Aim of the exercise
Would you please set down, word for word, the lines from the one with "5.Укажите предложение, в" through the final line of the data below, omitting any pictures?

Raw data
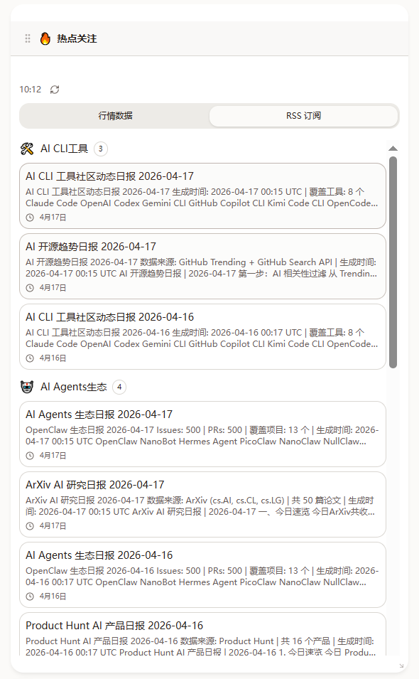 信息获取:通过 RSS 订阅获取 AI 领域最新动态和 GitHub 趋势
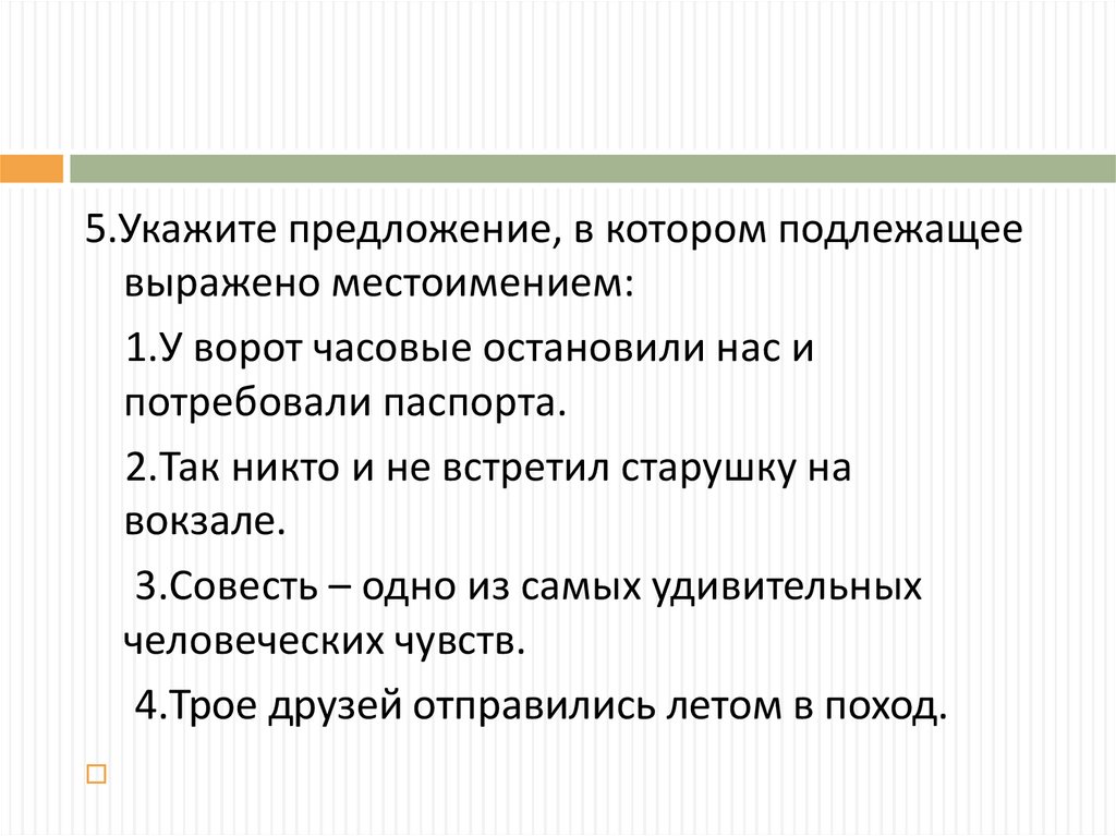 5.Укажите предложение, в котором подлежащеевыражено местоимением:
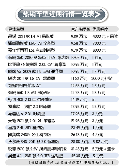 记者从市场获悉,除“日系三强”外,思铂睿、马自达6和蒙迪欧-致胜等车型一直保持较大让利幅度,而新上市的索纳塔、K5等也采取送礼包等方式“暗降”。目前市场上,天籁最高优惠达3.5万元,雅阁、凯美瑞最高优惠达4万元,其中凯美瑞多款车型优惠超过3万元,马自达6的最高让利幅度达到3万元的新高,而蒙迪欧致胜也有近2万元的让利。思铂睿则保持一贯的大幅让利,让利空间达3万元以上。
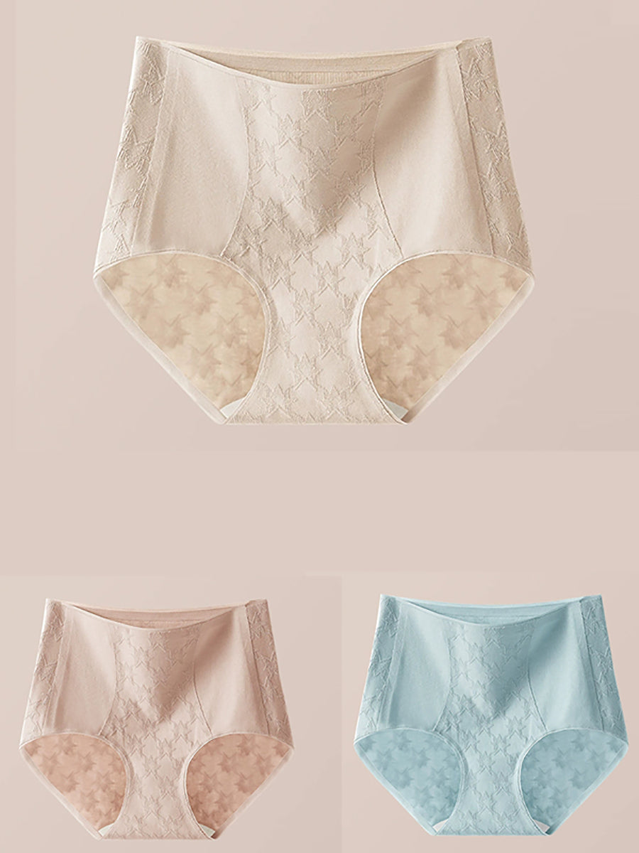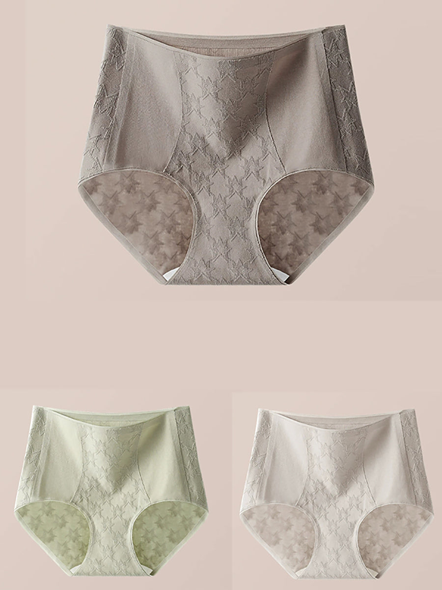 3 piezas de ropa interior de cintura alta de jacquard artístico para mujer

Response to this exercise
 5.Укажите предложение, в котором подлежащеевыражено местоимением:
 记者从市场获悉,除“日系三强”外,思铂睿、马自达6和蒙迪欧-致胜等车型一直保持较大让利幅度,而新上市的索纳塔、K5等也采取送礼包等方式“暗降”。目前市场上,天籁最高优惠达3.5万元,雅阁、凯美瑞最高优惠达4万元,其中凯美瑞多款车型优惠超过3万元,马自达6的最高让利幅度达到3万元的新高,而蒙迪欧致胜也有近2万元的让利。思铂睿则保持一贯的大幅让利,让利空间达3万元以上。
 3 piezas de ropa interior de cintura alta de jacquard artístico para mujer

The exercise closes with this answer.